SPYG is attractive. Is it the best?

Last Friday I reviewed Nathan Winklepleck’s number one pick for a dividend ETF: MTUM. MTUM has done well as a growth ETF, but it doesn’t really have a dividend focus. The number two ETF in his list is also a high-growth ETF. It is SPYG.

Good, Better Best ETFs

By way of reminder the twelve ETFs in his review were: DGRO, DIA, MTUM, NOBL, PCEF, SCHD, SPHD, SPYD, SPYG, VOO/SPY, and VYM. Each one has attributes that are appealing, depending on your investment perspective and income needs.

Concentration Risk

SPYG has considerable concentration risk in two ways. First, SPYG’s top 10 holdings represent about 44.1% of its total portfolio. The top two, Apple and Microsoft, are over 20% of the total investment. That is why I prefer to own shares of AAPL and MSFT instead of buying an ETF that focuses on the technology sector. As we should expect, any earnings disappointment by any of its top holdings can impact SPYG’s fund price negatively.

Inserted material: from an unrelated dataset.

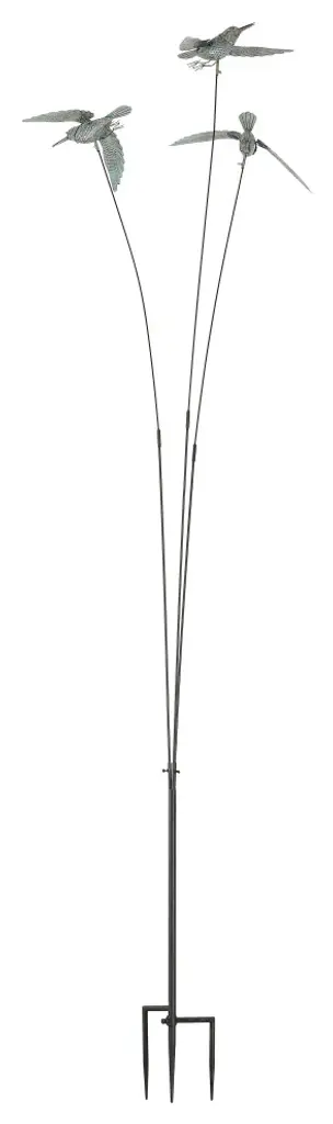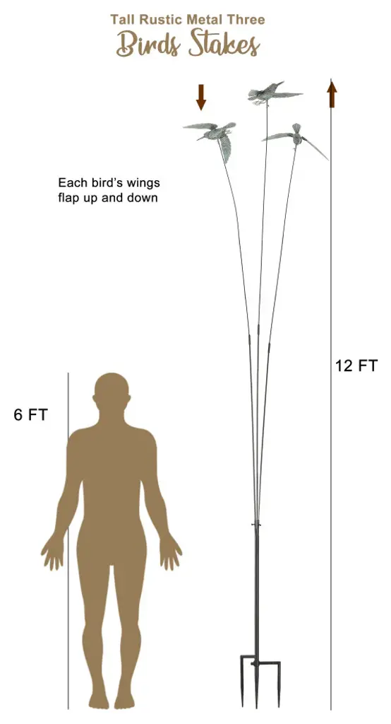 This extra tall garden stake is for sure to be a standout piece in your yard. With its unique design, it remains balanced on its own despite the enormous height - standing at 12 feet. While on its own it is already a statement piece, the real fun begins when the wind comes. Powered by the wind, the sculpture rocks, and the birds'' wings flap, animating it for your enjoyment.

Why not buy the biggest investments and skip the ETF?

This growth ETF, not surprisingly, has high exposure to the information technology sector. The information technology sector represents about 35% of its total portfolio. Cyclical sectors have less representation. This means there is less impact from investments that have more downside due to various market factors. Utilities are less than 1% of the total.

Dividend Story

As already noted, SPYG isn’t really a dividend focused fund. For those of us in retirement, a yield of 1.12% isn’t attractive. Remember that share price appreciation is only valuable when you sell the investment. You only have paper profits until you sell. Dividends are money in your pocket for reinvesting or for living expenses. SPYG’s payout ratio is very sustainable at about 6%. I would like this fund better if the payout ratio was at least 20%. The dividend growth and years of growth are appealing: 11.55% is the five-year growth rate and it boasts 10 years of dividend growth.

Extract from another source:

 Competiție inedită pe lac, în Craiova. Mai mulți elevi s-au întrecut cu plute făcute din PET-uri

SCHD is better for a dividend-focused investor from a yield perspective.

FTEC versus SPYG

Once again, I would pick the Information Technology sector fund FTEC over SPYG. FTEC has a lower dividend yield, but its five-year growth is 180% against SPYG’s 97%. If you want growth, I believe a solid focus on technology is the best solution. Here is one way I compare ETFs using Seeking Alpha.

Full Disclosure

We don’t own SPYG and currently don’t have plans to buy this ETF. Cindie and I own more than 1,500 shares of ETF VYM as a more well-rounded investment with dividend growth.

Source for the list of ETFs

Nathan Winklepleck, CFA, Amazon #1 Best Selling author, portfolio manager. Author of Dividend Growth Machine.

Nathan Winklepleck’s analysis is very helpful.